School Days and Philosophical Nights

Well, as promised, I took the month of July off.  I did write a couple of pretty cool brass pieces (he said modestly), but mostly I spent my "off" time resting my mind and playing a lot.  I built a bunch of models for a new game I love to play.  Painted even more models for said game and, mostly, spent my time with friends and family.

Then August happened.

August is school time.  And as I headed back into the classroom here in the oligarchical theocracy that is the great state of Kansas, I was reminded of why it was so important to me to earn my PhD.  Education in Kansas is under a constant siege.  And, dare I say it, it seems that this open attack on all things intellectual permeates the entire country right now.  Every day I see the effects this war against education has on my students and my colleagues.

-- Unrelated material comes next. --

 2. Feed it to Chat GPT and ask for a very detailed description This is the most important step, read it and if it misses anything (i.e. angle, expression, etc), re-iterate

Nearly four thousand Kansas teachers either left education or chose to teach in another state this past summer.  The previous year that number was closer to twelve hundred.  Let that sink in a bit.  Teachers have become so vilified, so overworked and underpaid here in Kansas, that over three times as many teachers as usual have either quit teaching altogether or fled to another state to teach.  It used to be even though we were the most underpaid professional degree holders in the nation, at least there was a modicum of respect for our role as guardians of our young people's education.  Now even that is gone.

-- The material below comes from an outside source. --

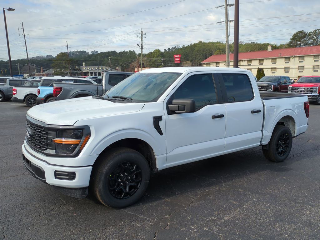 2026 Oxford White 2026 Ford F-150 STX RWD 2.7L V6 EcoBoost 12" LCD Productivity Touchscreen, 5G WiFi Hotspot Telematics, Auto Emergency Braking, Auto LED Headlights, Backup Camera, Blind Spot Monitoring, BLIS w/ Cross Traffic Alert, 4D SuperCrew, 2.7L V6 EcoBoost, 10-Speed Automatic, RWD, 3.55 Axle Ratio, Equipment Group 200B Standard, Ford Connectivity Package (1-Year Included), GVWR: 6,426 lbs Payload Package, Internet access capable: 5G Modem - Ford Connectivity Package, Radio: AM/FM Stereo with SiriusXM 360L, SYNC 4 with Enhanced Voice Recognition, Unique Sport Cloth 40/Console/40 Front-Seats, Wheels: 18" Gloss Black. Equipment Group 200B Standard (3.55 Axle Ratio, Radio: AM/FM Stereo with SiriusXM 360L, SYNC 4 with Enhanced Voice Recognition, Unique Sport Cloth 40/Console/40 Front-Seats, and Wheels: 18" Gloss Black), Ford Connectivity Package (1-Year Included), GVWR: 6,426 lbs Payload Package, Internet access capable: 5G Modem - Ford Connectivity Package, 4D SuperCrew, 2.7L V6 EcoBoost, 10-Speed Automatic, RWD, 4-Wheel Disc Brakes, 6 Speakers, ABS brakes, Air Conditioning, Alloy wheels, AM/FM radio: SiriusXM with 360L, Auto High-beam Headlights, Brake assist, Bumpers: body-color, Compass, Delay-off headlights, Driver door bin, Dual front impact airbags, Dual front side impact airbags, Electronic Stability Control, Emergency communication system: SYNC 4 911 Assist, Front anti-roll bar, Front Bucket Seats, Front Center Armrest, Front reading lights, Front wheel independent suspension, Fully automatic headlights, Heated door mirrors, Illuminated entry, Low tire pressure warning, Occupant sensing airbag, Outside temperature display, Overhead airbag, Overhead console, Panic alarm, Passenger door bin, Passenger vanity mirror, Power door mirrors, Power steering, Power windows, Radio data system, Rear Parking Sensors, Rear step bumper, Rear window defroster, Remote keyless entry, Security system, Speed control, Split folding rear seat, Steering wheel mounted audio controls, Tachometer, Telescoping steering wheel, Tilt steering wheel, Traction control, Trip computer, and Variably intermittent wipers Courtesy Ford and Lincoln of Rome 101 Hwy 411 E Rome, Ga 30161 ROMEFORDLINC.COM 706.235.4453.

Teachers are seen as the enemy by some of our politicians, pawns to others, and for the rare one that fully comprehends what we do day in and day out, as unsung heroes.  I have to be honest: it's been rough beginning another school year under these circumstances.  I've been an educator in Kansas for twenty-two years.  I used to jokingly say I was an Iowan just visiting Kansas, but I've come to accept that I've lived here longer than I have anywhere else and, quite honestly, it is home.  And I love my state but I worry that the damage being done through the underfunding of our schools will soon reach a point that we cannot recover from it.

So what's a Kansan to do about this?  Hopefully vote and raise hell come election time.  In the meantime, my PhD brain has become enamored with the idea of educational philosophy and how important it is that everyone, and here I mean EVERY SINGLE ONE OF US, understands how important education truly is to each of us.  Not only kids, not only teachers, but every person in this state (and the entire world for that matter) need to understand not only the ACT of how education is delivered and received but also how and, most importantly, WHY we need education.  Now more than ever.

So my nights of late have been filled with research and the rambling scribblings and musings of a philosopher coming to grips with the world around him.  My thoughts have yet to congeal into a solid philosophical treatise, but I promise you that my mind is fixed on it.  I want to tell the world to wake up and to pay attention to what is happening to our young peoples' educational futures.

Now I just have to figure out how to do it.